Input records »

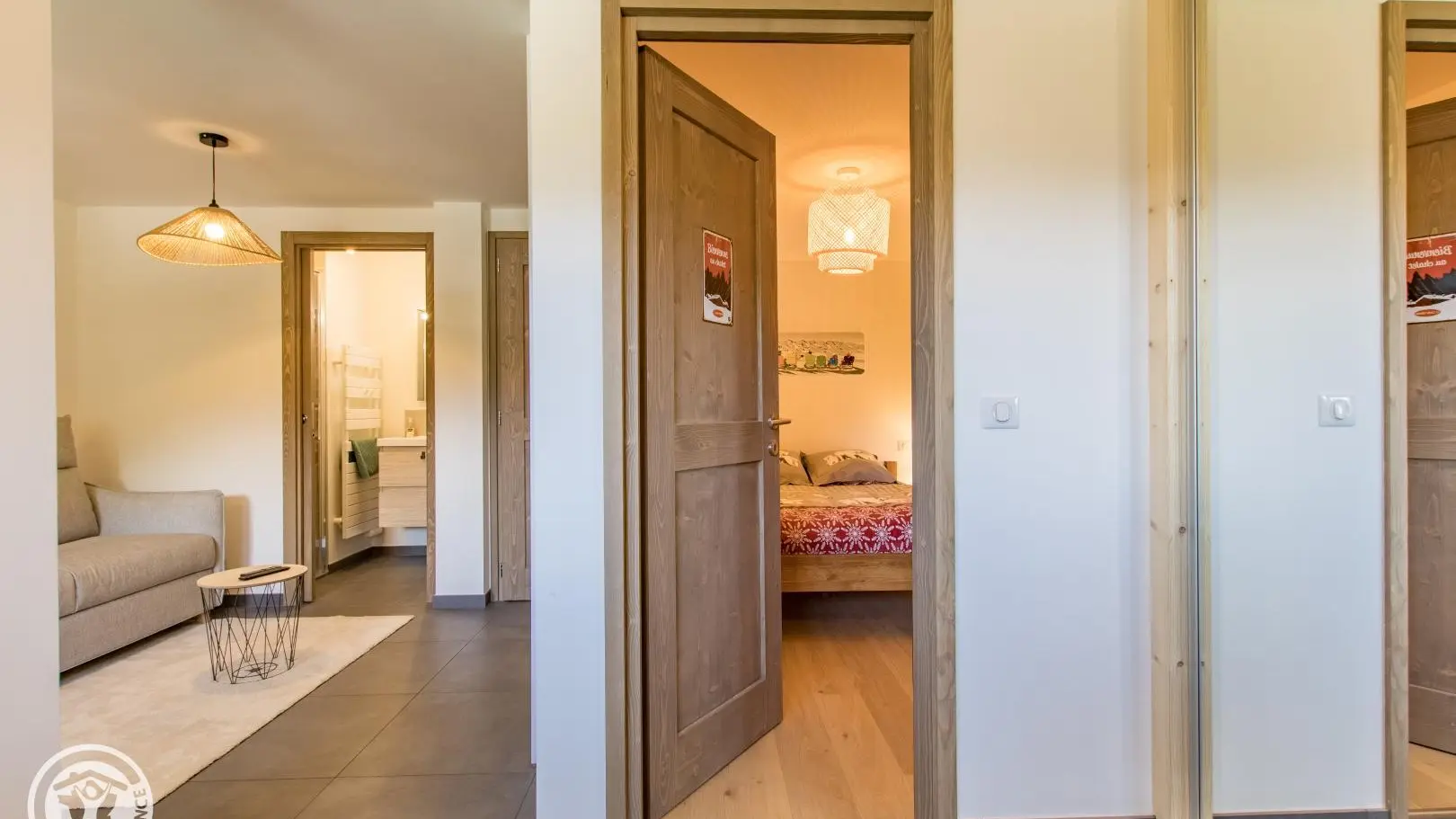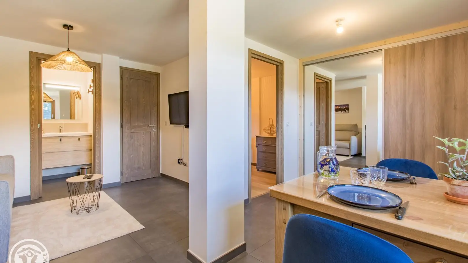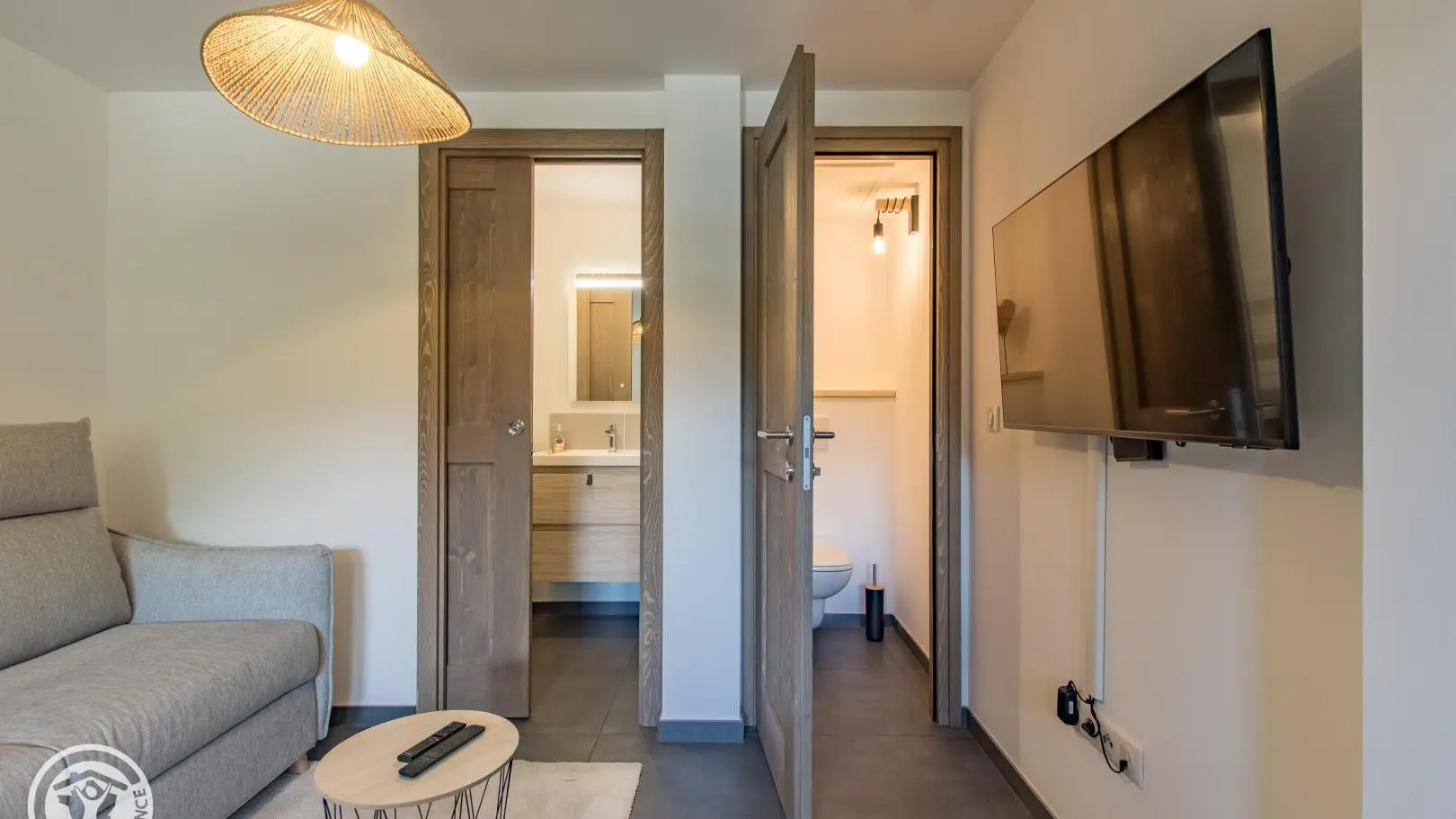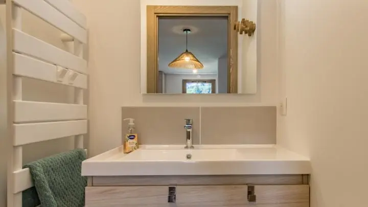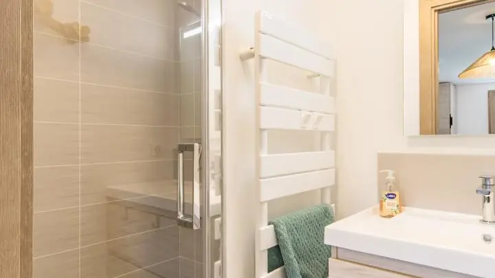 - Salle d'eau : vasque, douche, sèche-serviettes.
---
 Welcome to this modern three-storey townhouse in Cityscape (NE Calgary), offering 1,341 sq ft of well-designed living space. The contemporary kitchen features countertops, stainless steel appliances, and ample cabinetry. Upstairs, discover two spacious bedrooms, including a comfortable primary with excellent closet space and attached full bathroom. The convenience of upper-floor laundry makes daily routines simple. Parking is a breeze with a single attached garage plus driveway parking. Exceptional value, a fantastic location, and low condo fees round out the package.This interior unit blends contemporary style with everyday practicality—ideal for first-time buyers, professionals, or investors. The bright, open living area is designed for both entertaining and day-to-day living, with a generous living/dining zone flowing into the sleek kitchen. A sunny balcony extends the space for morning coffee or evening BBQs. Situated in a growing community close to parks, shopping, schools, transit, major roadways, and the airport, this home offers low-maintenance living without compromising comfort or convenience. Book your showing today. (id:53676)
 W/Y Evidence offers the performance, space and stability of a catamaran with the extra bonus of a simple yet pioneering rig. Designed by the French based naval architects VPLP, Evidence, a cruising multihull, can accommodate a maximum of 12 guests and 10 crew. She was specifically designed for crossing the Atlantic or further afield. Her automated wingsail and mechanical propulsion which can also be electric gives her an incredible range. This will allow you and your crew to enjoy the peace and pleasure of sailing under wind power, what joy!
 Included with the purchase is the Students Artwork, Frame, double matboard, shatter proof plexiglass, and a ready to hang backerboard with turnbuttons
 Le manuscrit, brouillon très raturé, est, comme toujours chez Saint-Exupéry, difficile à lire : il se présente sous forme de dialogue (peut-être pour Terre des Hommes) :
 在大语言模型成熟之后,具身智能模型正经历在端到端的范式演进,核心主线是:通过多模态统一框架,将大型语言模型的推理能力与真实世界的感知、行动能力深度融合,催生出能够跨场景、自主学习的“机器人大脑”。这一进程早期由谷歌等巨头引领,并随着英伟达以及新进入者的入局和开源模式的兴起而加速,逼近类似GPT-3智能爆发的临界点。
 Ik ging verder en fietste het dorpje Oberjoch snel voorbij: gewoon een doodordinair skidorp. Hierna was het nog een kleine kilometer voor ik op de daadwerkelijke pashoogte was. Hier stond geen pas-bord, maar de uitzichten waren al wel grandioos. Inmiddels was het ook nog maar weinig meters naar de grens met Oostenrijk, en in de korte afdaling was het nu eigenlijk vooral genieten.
--
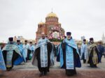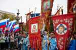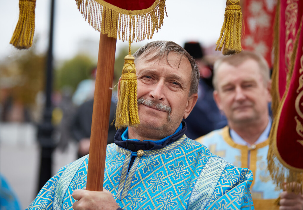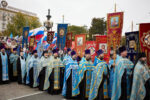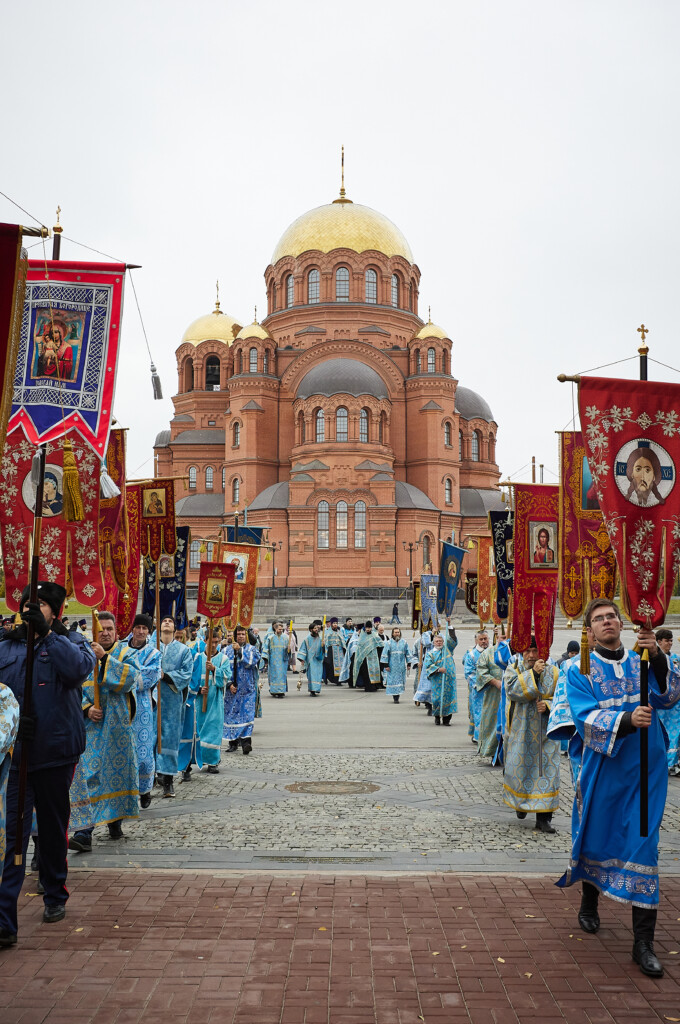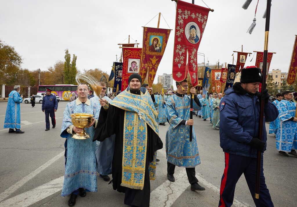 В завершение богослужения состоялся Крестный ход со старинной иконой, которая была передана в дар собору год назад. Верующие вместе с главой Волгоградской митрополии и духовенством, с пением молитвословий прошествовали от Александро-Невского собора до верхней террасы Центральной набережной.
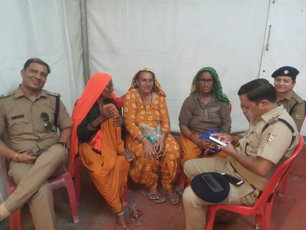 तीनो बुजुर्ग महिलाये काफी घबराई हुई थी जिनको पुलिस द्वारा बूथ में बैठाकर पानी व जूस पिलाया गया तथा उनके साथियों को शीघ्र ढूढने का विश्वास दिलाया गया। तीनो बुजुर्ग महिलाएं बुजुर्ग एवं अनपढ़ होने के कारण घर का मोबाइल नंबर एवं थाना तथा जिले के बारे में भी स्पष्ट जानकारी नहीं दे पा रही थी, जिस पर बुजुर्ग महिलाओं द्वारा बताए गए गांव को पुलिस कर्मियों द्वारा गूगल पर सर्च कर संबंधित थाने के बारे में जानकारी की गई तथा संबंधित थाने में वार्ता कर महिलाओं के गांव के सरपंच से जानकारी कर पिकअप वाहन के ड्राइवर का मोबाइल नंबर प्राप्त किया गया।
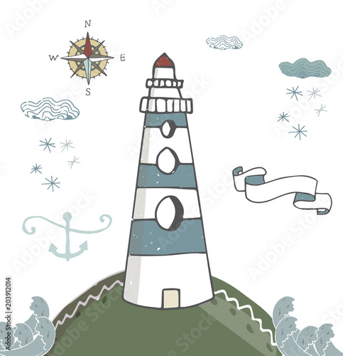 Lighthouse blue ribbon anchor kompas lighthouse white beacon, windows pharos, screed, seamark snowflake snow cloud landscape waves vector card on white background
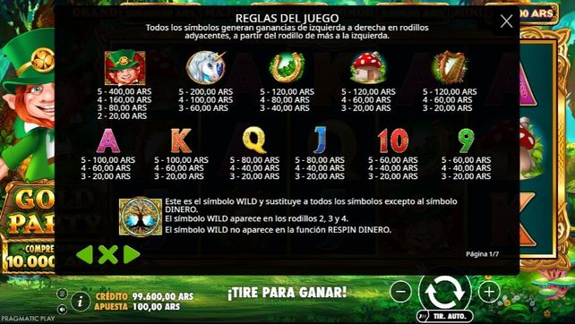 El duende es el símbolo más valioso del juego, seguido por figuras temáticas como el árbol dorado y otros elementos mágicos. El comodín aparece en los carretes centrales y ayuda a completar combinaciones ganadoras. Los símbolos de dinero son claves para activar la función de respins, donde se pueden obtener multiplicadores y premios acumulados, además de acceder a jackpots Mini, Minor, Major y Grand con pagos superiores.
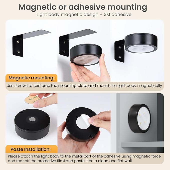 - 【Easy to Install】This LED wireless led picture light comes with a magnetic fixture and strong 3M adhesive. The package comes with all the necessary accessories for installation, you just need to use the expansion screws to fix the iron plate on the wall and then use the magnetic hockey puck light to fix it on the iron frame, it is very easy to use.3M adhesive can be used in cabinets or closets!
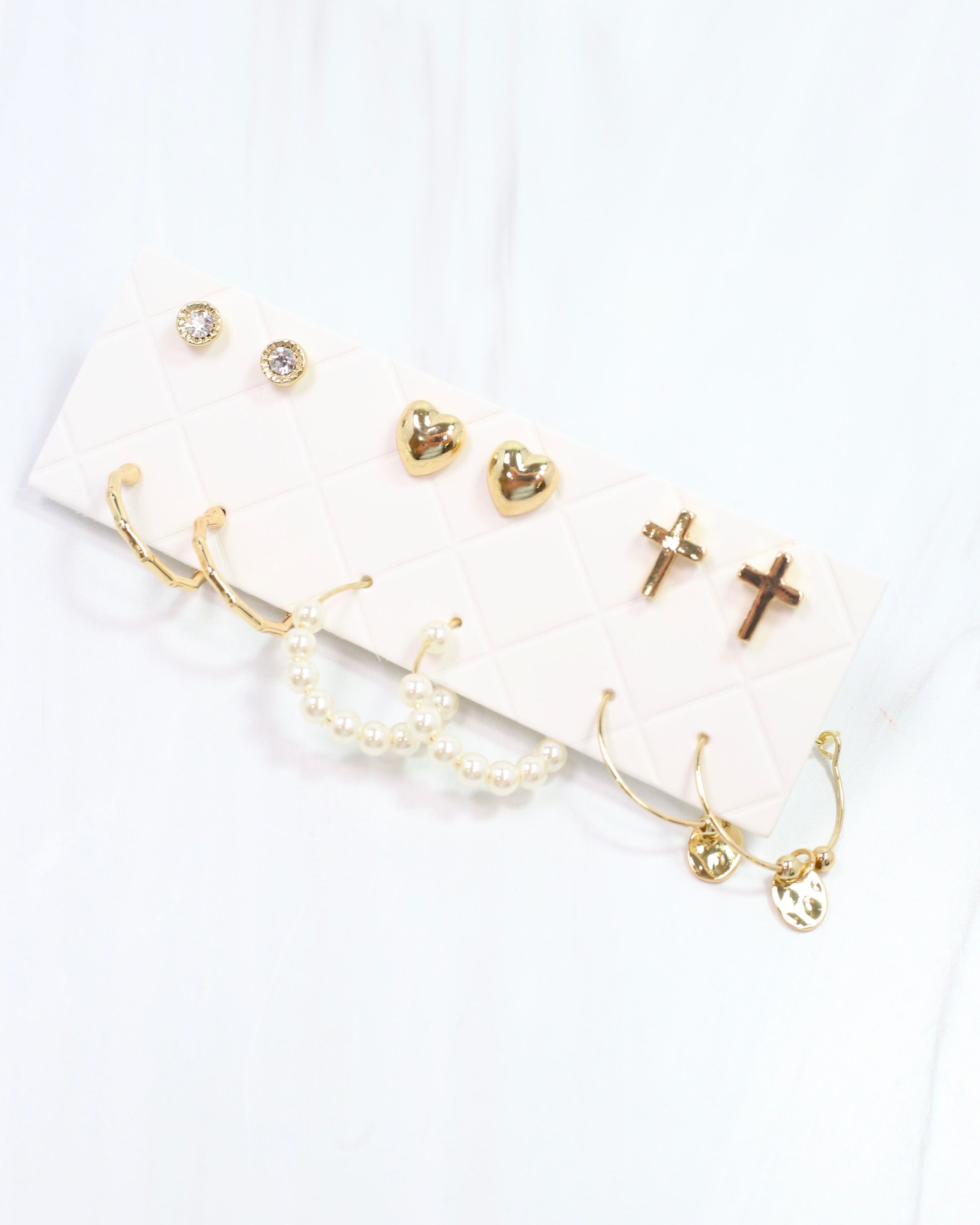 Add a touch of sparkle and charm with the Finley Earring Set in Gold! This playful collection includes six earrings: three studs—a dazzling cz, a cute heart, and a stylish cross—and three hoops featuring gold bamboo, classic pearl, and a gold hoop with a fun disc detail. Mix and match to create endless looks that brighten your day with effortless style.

Work to be completed » Beginning with the line above that contains "El duende es" and ending with the line that contains "- 【Easy to Install】This", quote each line exactly, keeping out the pictures.

Exercise output »
 El duende es el símbolo más valioso del juego, seguido por figuras temáticas como el árbol dorado y otros elementos mágicos. El comodín aparece en los carretes centrales y ayuda a completar combinaciones ganadoras. Los símbolos de dinero son claves para activar la función de respins, donde se pueden obtener multiplicadores y premios acumulados, además de acceder a jackpots Mini, Minor, Major y Grand con pagos superiores.
 - 【Easy to Install】This LED wireless led picture light comes with a magnetic fixture and strong 3M adhesive. The package comes with all the necessary accessories for installation, you just need to use the expansion screws to fix the iron plate on the wall and then use the magnetic hockey puck light to fix it on the iron frame, it is very easy to use.3M adhesive can be used in cabinets or closets!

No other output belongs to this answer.